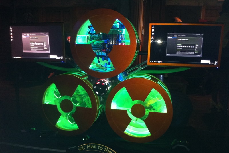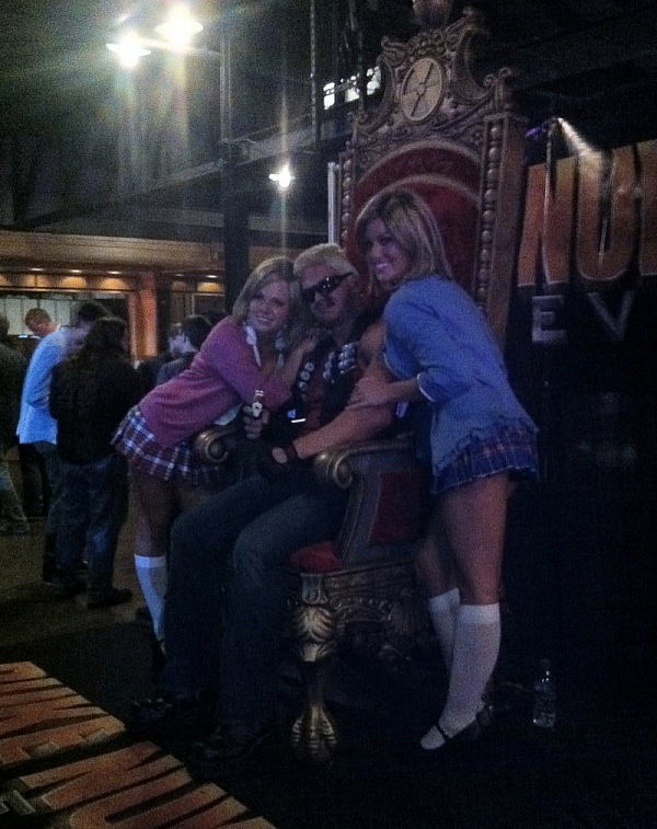 We ventured to the back of the club and found a total of 6 PCs with the game running on 3D enabled monitors. There was an awesome custom gaming rig (pictured above) which had the Xbox 360 version running at full speed. I got to the play the game for about 10 minutes ending in, I must say, an epic boss battle. As I turned around to talk to my buddy about the game I noticed that the Duke’s throne was occupied by none other than the Duke himself and joined by the lovely Holsom twins (top)!
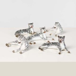 Nécessaire de cheminée composé d’une pairede chenets aux lévriers couchés en laiton poli ;
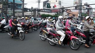 街に近づくにつれて、名物、バイクの軍団がぁ。すごいぞ、そして、クラクションの嵐!、嵐! 世界で一番、クラクションの消費量?が激しい国では?クラクション修理率もぉ?って、思うほど、すごいぞぉ。
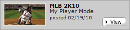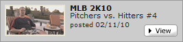 Am 2. März wird übrigens schon MLB 2K10 erscheinen - auch wieder für den PC (+ PSP, PS2, PS3, NDS, XB360). Ich hab die aktuelle Version zwar noch nicht so lang, aber wenn wenigstens die paar Bugs behoben wurden, dann werd ich doch recht zügig umsteigen. Gibt zwar noch nicht viel Ingamematerial zu sehen, aber von der Präsentation/Grafik müsste man mMn auch nicht viel ändern.
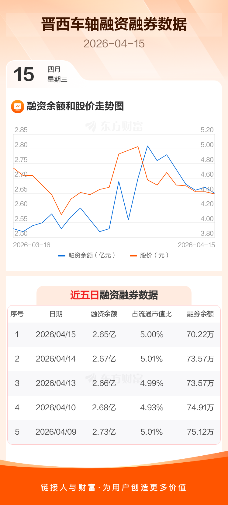 交易所最新数据显示,晋西车轴于2026年4月15日获融资买入745.58万元,融资偿还969.29万元,当日融资净偿还223.71万元。目前,该股融资余额2.65亿,占流通市值比例为5.00%。
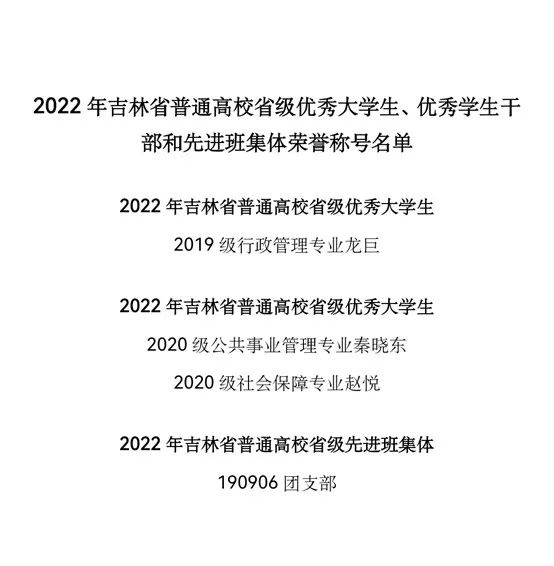 在此次评比活动中斩获佳绩,其中2019级行政管理专业龙巨荣获省级优秀学生干部称号,2020级公共事业管理专业秦晓东、社会保障专业赵悦获得优秀大学生称号,190906团支部获得省级先进班集体称号。
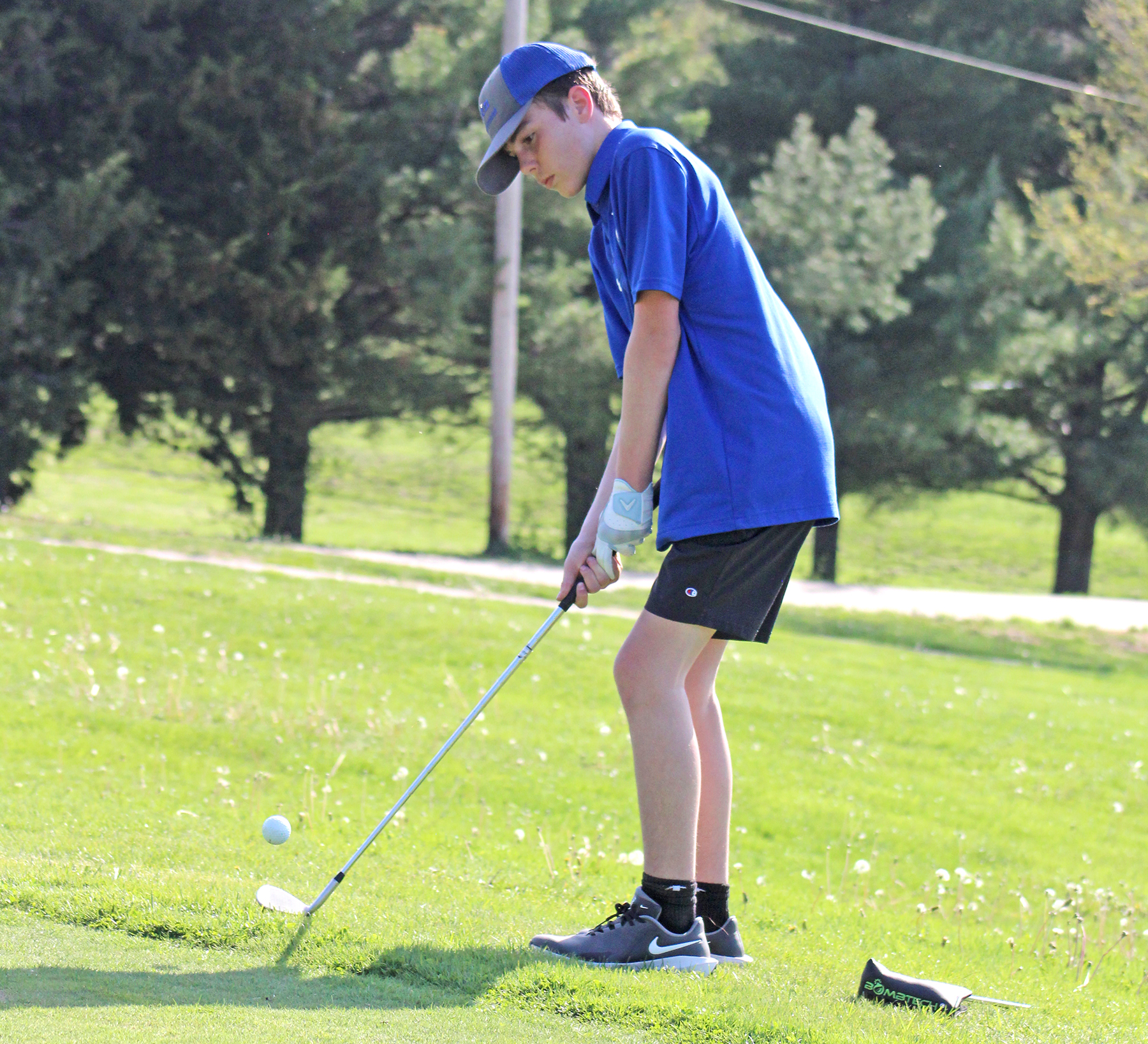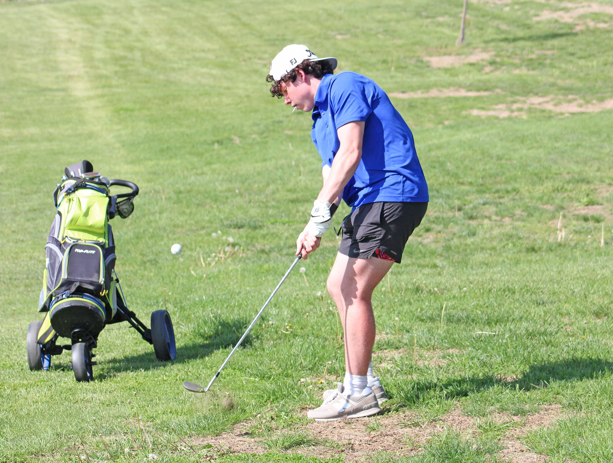 Bentley Teten chips his ball closer to the green.
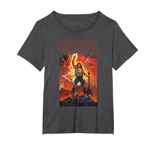 Stranger Things Rock on Eddie T-Shirt, Women's Plus, Dark Heather Grey, 4X
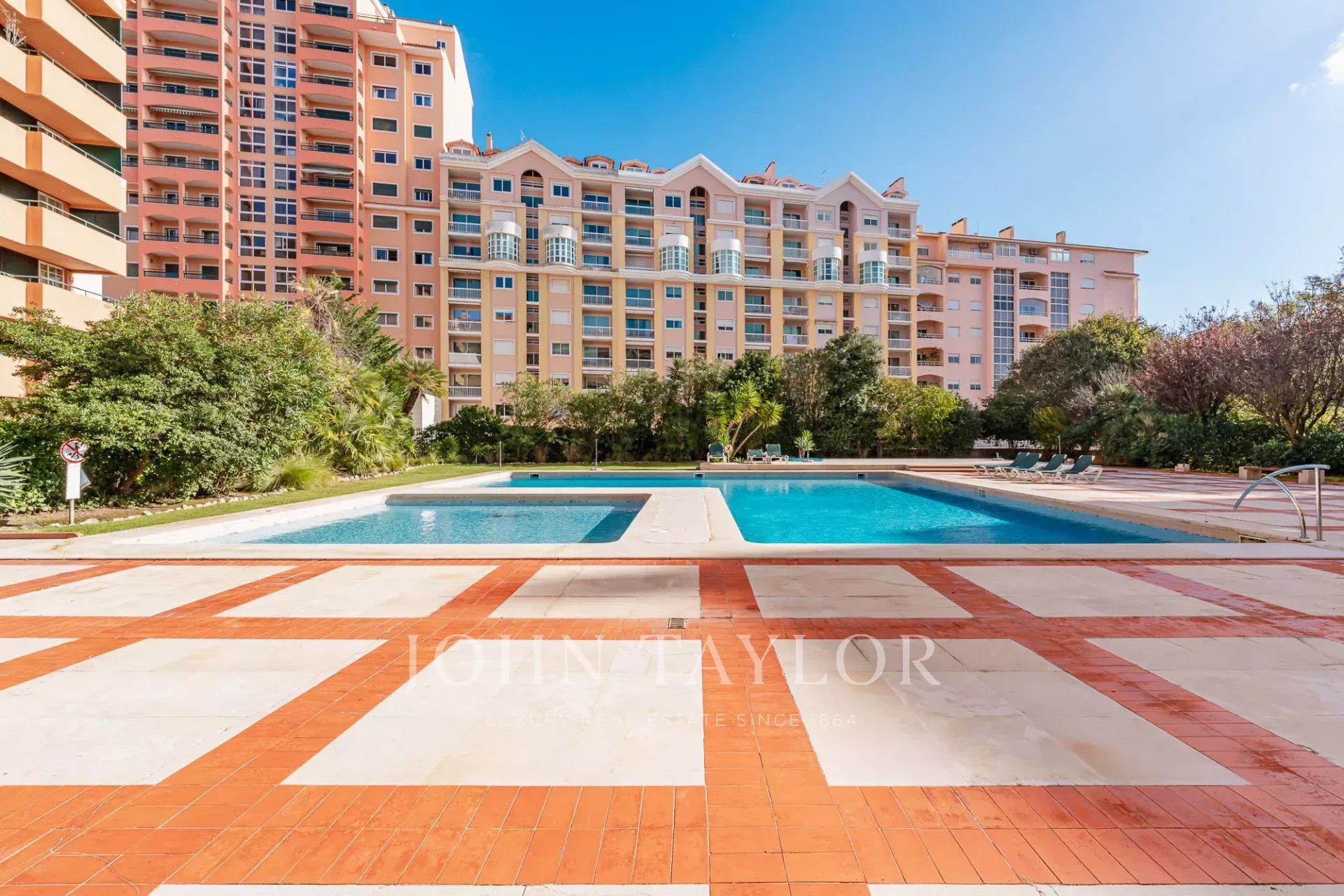 O condomínio conta com jardins espaçosos, zonas de descanso, duas piscinas (incluindo infantil), campo de squash e segurança diurna.
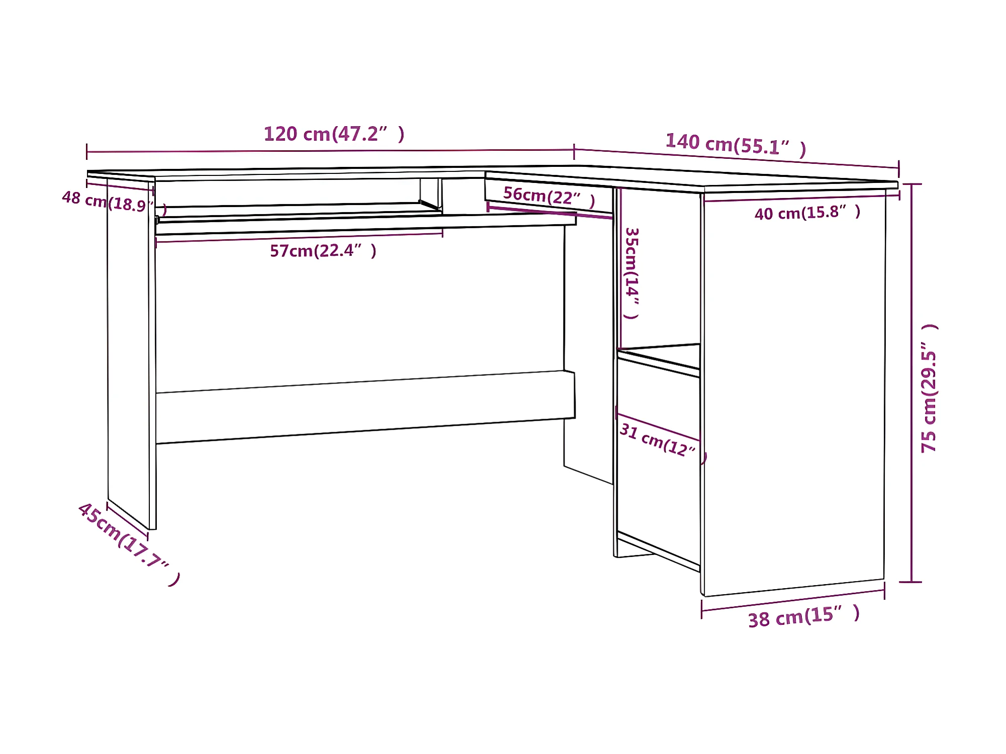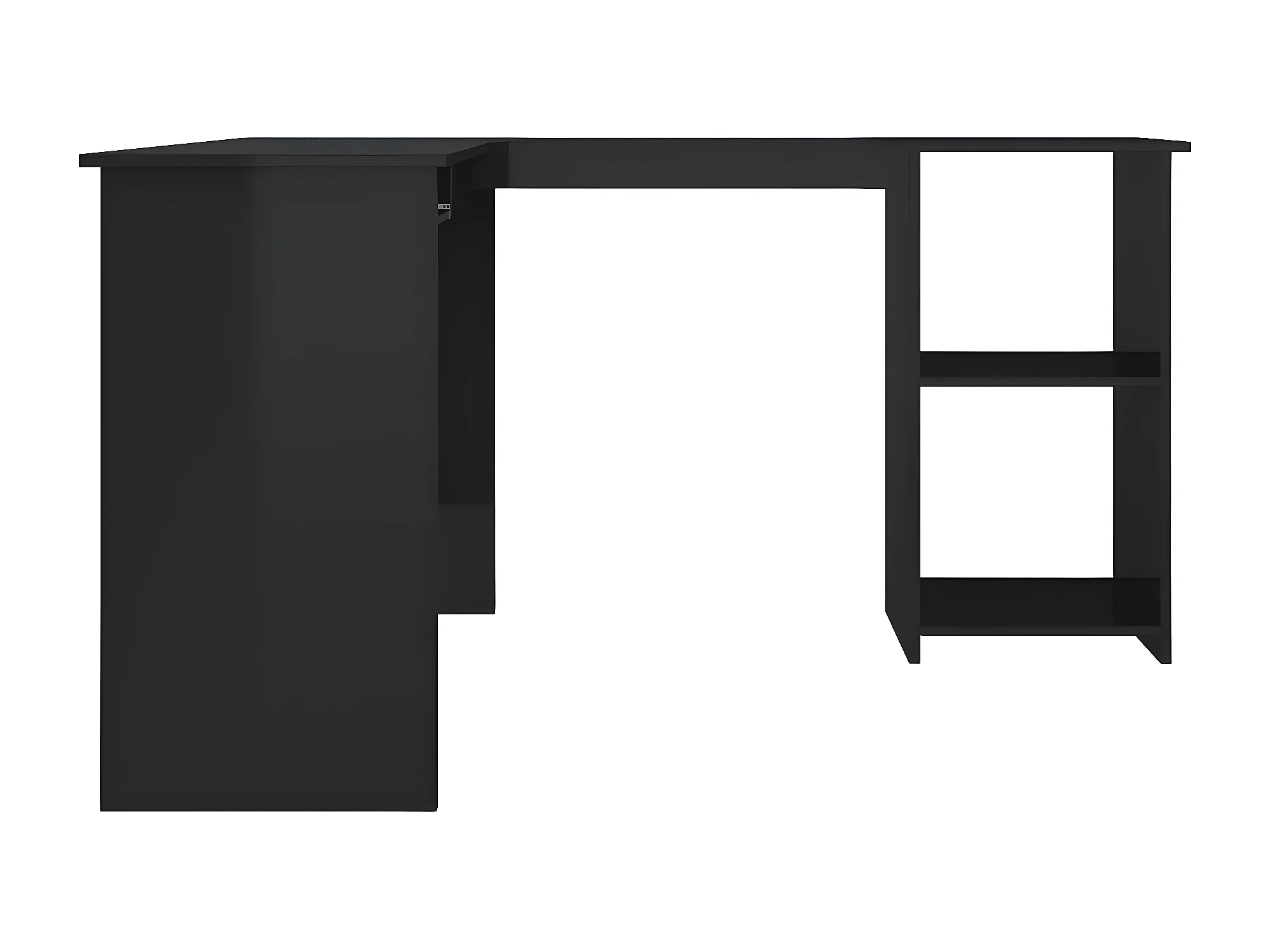 Escritorio forma de L contrachapada negro brillo 120x140x75 cm
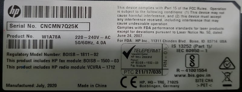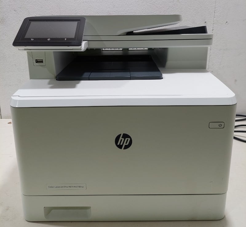 HP Color LaserJet Pro MFP M479fdw multifunction printer. Model: M479fnw Serial number: CNCMN7Q25K Dims: 40cm H, 41cm L, 45cm W Note: item is untested, signs of wear.
= = = = = = =
= YOUR GOAL =
Transcribe the data exactly and leave no picture in the copy.

= REPLY =
 We ventured to the back of the club and found a total of 6 PCs with the game running on 3D enabled monitors. There was an awesome custom gaming rig (pictured above) which had the Xbox 360 version running at full speed. I got to the play the game for about 10 minutes ending in, I must say, an epic boss battle. As I turned around to talk to my buddy about the game I noticed that the Duke’s throne was occupied by none other than the Duke himself and joined by the lovely Holsom twins (top)!
 Nécessaire de cheminée composé d’une pairede chenets aux lévriers couchés en laiton poli ;
 街に近づくにつれて、名物、バイクの軍団がぁ。すごいぞ、そして、クラクションの嵐!、嵐! 世界で一番、クラクションの消費量?が激しい国では?クラクション修理率もぉ?って、思うほど、すごいぞぉ。
 Am 2. März wird übrigens schon MLB 2K10 erscheinen - auch wieder für den PC (+ PSP, PS2, PS3, NDS, XB360). Ich hab die aktuelle Version zwar noch nicht so lang, aber wenn wenigstens die paar Bugs behoben wurden, dann werd ich doch recht zügig umsteigen. Gibt zwar noch nicht viel Ingamematerial zu sehen, aber von der Präsentation/Grafik müsste man mMn auch nicht viel ändern.
 交易所最新数据显示,晋西车轴于2026年4月15日获融资买入745.58万元,融资偿还969.29万元,当日融资净偿还223.71万元。目前,该股融资余额2.65亿,占流通市值比例为5.00%。
 在此次评比活动中斩获佳绩,其中2019级行政管理专业龙巨荣获省级优秀学生干部称号,2020级公共事业管理专业秦晓东、社会保障专业赵悦获得优秀大学生称号,190906团支部获得省级先进班集体称号。
 Bentley Teten chips his ball closer to the green.
 Stranger Things Rock on Eddie T-Shirt, Women's Plus, Dark Heather Grey, 4X
 O condomínio conta com jardins espaçosos, zonas de descanso, duas piscinas (incluindo infantil), campo de squash e segurança diurna.
 Escritorio forma de L contrachapada negro brillo 120x140x75 cm
 HP Color LaserJet Pro MFP M479fdw multifunction printer. Model: M479fnw Serial number: CNCMN7Q25K Dims: 40cm H, 41cm L, 45cm W Note: item is untested, signs of wear.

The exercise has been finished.